Plan for the worst…Hope for the best

At some point in your career as a small business owner, you will find yourself either needing or wanting a partner (I use the term “partner” in the loosest sense of the term). Whether it is for the purposes of adding/retaining talent, expanding your business and talent pool, sharing expenses, or building a succession/exit plan, finding someone to partner with in serving your clients is essential for businesses to survive for multiple generations.

There are plenty of horror stories on partnerships gone bad. However, there are many benefits that come with teaming, whether it is with a peer or up-and-coming junior partner. So, when the time is right, make sure you plan for the worst and hope for the best.

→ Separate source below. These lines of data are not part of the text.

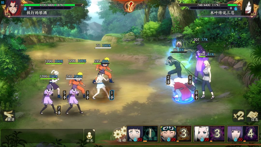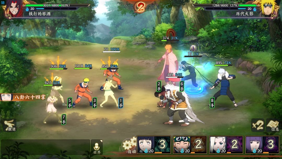 开局鸣人被动打掉二代四代闪避,然后小班长混乱二代(伤害高)井野混乱四代(伤害比较低,主要防止触发追打),然后随便打就是了,三代依旧不用管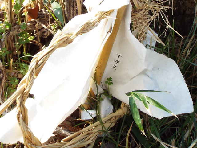 | 竹藪の中の木に御幣が立てられている。 | ||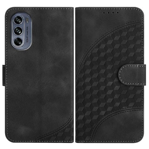 Funda de Cuero para Motorola Moto G62 5G Yx0060 con Relieve y Cabeza de Elefante con Cordón (Negro)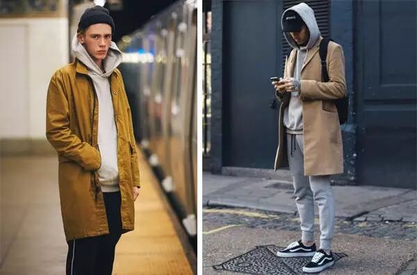 其实这种搭配方式在国外早已红好久了,今年又卷土重来!院长个人觉得种搭配方式超级保暖、非常适合寒冬!因为可以根据天气变化,决定是否在帽T内多加衣服。反正帽T宽松,就算多加件高领也措措有馀。而且这种穿法,只要在下半身套件牛仔裤,就非常有型了!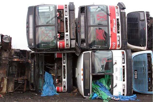 Former Ross buses 2455 and 2463 waiting the end. 2455 is better known for being the bus that my friends Kirk and Patty Driscoll were married in.
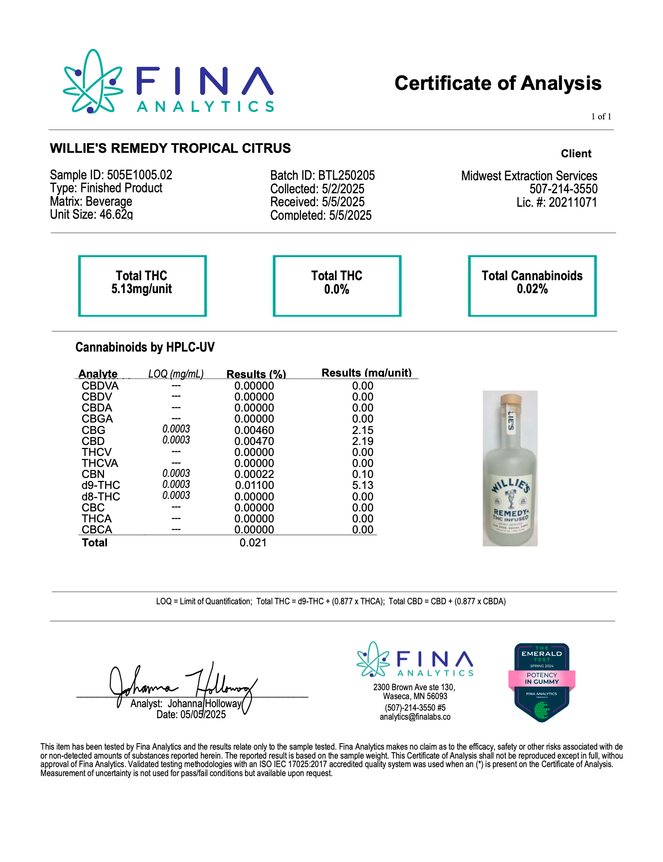 LabReport (#958) Delete Back to listing Edit Name 5.5.2025 (2) Sample Name WILLIE'S REMEDY TROPICAL CITRUS Sample Matrix Beverage Product Type cannabis Lab Name Fina Analytics Matching Name 5.5.2025 (2) WILLIE'S REMEDY TROPICAL CITRUS Beverage External Url https://cdn.shopify.com/s/files/1/0857/8478/9239/files/5mg750ml5.5.2.png?v=1747524311 Internal Url https://cbdextract.nw.agency/lab-reports/5.5.2025(2).png Category 5mg - 750mL Bottle Type png Project Willies - kelby [ 115 ] State Processed Additional Data Extraction Date: 2025-05-02 Expiry Date: Delta-9 %: 1.1 THC-A %: 0 Total THC %: 1.1 D9/THC-A %: 1.1 Debug Data [{"message":"Decrypted lab report file is corrupted","code":"corrupted_lab_report_file","otherData":{"internalLabReportUrl":"https:\/\/cbdextract.nw.agency\/lab-reports\/5.5.2025(2).png","externalLabReportUrl":"https:\/\/cdn.shopify.com\/s\/files\/1\/0857\/8478\/9239\/files\/5mg750ml5.5.2.png?v=1747524311"}}] Markdown Content "\nCertificate of Analysis \n1 of 1\n\n\n# WILLIE'S REMEDY TROPICAL CITRUS\n\n**Sample ID:** 505E1005.02 \n**Type:** Finished Product \n**Matrix:** Beverage \n**Unit Size:** 46.62g \n\n**Batch ID:** BTL250205 \n**Collected:** 5\/2\/2025 \n**Received:** 5\/5\/2025 \n**Completed:** 5\/5\/2025 \n\n**Client** \nMidwest Extraction Services \n507-214-3550 \nLic. #: 20211071 \n\n| Total THC | Total THC | Total Cannabinoids |\n|-----------|-----------|--------------------|\n| 5.13mg\/unit | 0.0% | 0.02% |\n\n## Cannabinoids by HPLC-UV\n\n| Analyte | LOQ (mg\/mL) | Results (%) | Results (mg\/unit) |\n| ------- | ----------- | ----------- | ----------------- |\n| CBDVA | --- | 0.00000 | 0.00 |\n| CBDV | --- | 0.00000 | 0.00 |\n| CBDA | --- | 0.00000 | 0.00 |\n| CBGA | --- | 0.00000 | 0.00 |\n| CBG | 0.0003 | 0.00460 | 2.15 |\n| CBD | 0.0003 | 0.00470 | 2.19 |\n| THCV | --- | 0.00000 | 0.00 |\n| THCVA | --- | 0.00000 | 0.00 |\n| CBN | 0.0003 | 0.00022 | 0.10 |\n| d9-THC | 0.0003 | 0.01100 | 5.13 |\n| d8-THC | 0.0003 | 0.00000 | 0.00 |\n| CBC | --- | 0.00000 | 0.00 |\n| THCA | --- | 0.00000 | 0.00 |\n| CBCA | --- | 0.00000 | 0.00 |\n| Total | | | 0.021 |\n\n\nLOQ = Limit of Quantification; Total THC = d9-THC + (0.877 x THCA); Total CBD = CBD + (0.877 x CBDA)\n\n----\n\n**Analyst:** Johanna Holloway \n**Date:** 05\/05\/2025 \n\nFina Analytics \n2300 Brown Ave ste 130, \nWaseca, MN 56093 \n(507)-214-3550 #5 \nanalytics@finaalabs.co \n\nThis item has been tested by Fina Analytics and the results relate only to the sample tested. Fina Analytics makes no claim as to the efficacy, safety or other risks associated with detected or non-detected amounts of substances reported herein. The reported result is based on the sample weight. This Certificate of Analysis shall not be reproduced except in full, without approval of Fina Analytics. Validated testing methodologies with an ISO IEC 17025:2017 accredited quality system was used when an (*) is present on the Certificate of Analysis. Measurement of uncertainty is not used for pass\/fail conditions but available upon request." Do you really want to delete this item? There is no undo for this operation.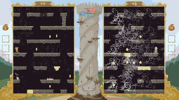 The video above walks through the basic premise of Super Tower Rush, which is that you and a friend (soon to be foe) are at the top of a tower and must race to the bottom. Along the way, you’ll dodge obstacles and screw one another over with curses. There’s not a whole lot to the game, but what’s there is no-nonsense, arcade-style fun.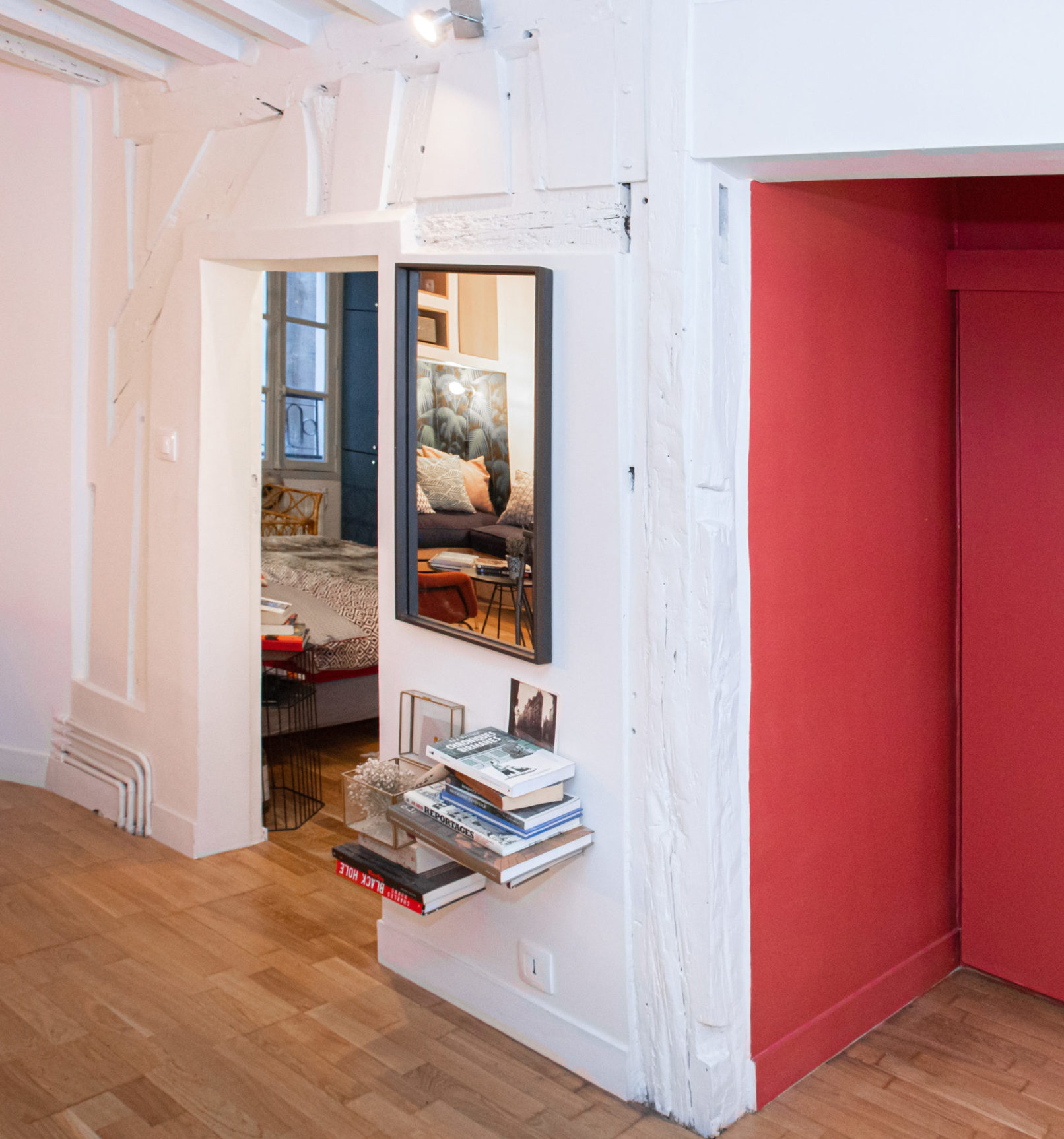 Dans chaque pièce, des menuiseries ont été dessinées et réalisées sur mesure pour tirer partie des volumes et des murs irréguliers en offrant des rangements intégrés. Une banquette a été créée dans l’espace du salon, permettant une assise généreuse dans un plan contraint et dissimulant des coffres de rangements. Afin de délimiter les différents espaces sans pour autant les cloisonner, la couleur a été utilisée par touches dans tout l’appartement au sol, au mur ou sur les menuiseries.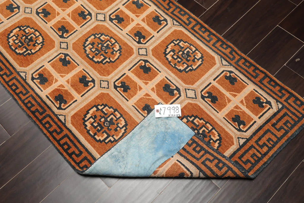 2'10''x10'4'' Hand Knotted Tibetan 100% Wool Greek Key Transitional Oriental Area Rug Beige, Brown Color Runner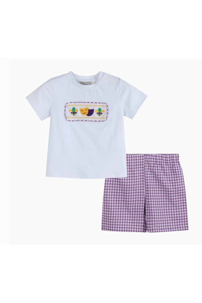 MARDI GRAS SMOCKED TEE/GINGHAM SHORTS

This means that if you have a partner, or partners, you should have a partnership agreement of some sort (or a Shareholder Agreement, Buy-Sell Agreement, etc.). These agreements can serve many purposes and the contents vary widely, but, the goal is consistent: Protect all parties involved, reduce potential conflict, and make sure the business can survive a break-up without the clients suffering. So, what does a partnership agreement look like? A basic partnership agreement will typically include:

  • Initial contributions
  • Nature of the business
  • Roles, duties, and titles
  • Compensation and expense sharing
  • Voting rights and things that require a vote (i.e. large expenditures, encumbering the company, admitting new partners)
  • How disputes will be resolved
  • How profits (or losses) will be handled
  • Buy-out provisions in case of an owner’s death/disability
  • Non-solicit/no-serve clauses for firm clients
  • Valuation methodology

There are also a variety of interesting optional provisions we provide our clients, like one included for a recent client, referred to as a “Shotgun Clause” which is designed to ensure a buy-out can/will occur if there is ever a dispute that cannot be resolved. This type of clause essentially allows one owner to offer his/her ownership at a named price. If the other owner agrees, then a sale/purchase will occur. If they do not elect to purchase, then they must sell their shares to the offering owner. As you can see, this clause, when triggered, ends the partnership but can help avoid long drawn out legal battles where everyone loses. Partnership agreements may be long and comprehensive or they may be short and concise. The key is to have a plan that helps provide structure for the relationship in case there are ever disagreements, questions, or issues that arise.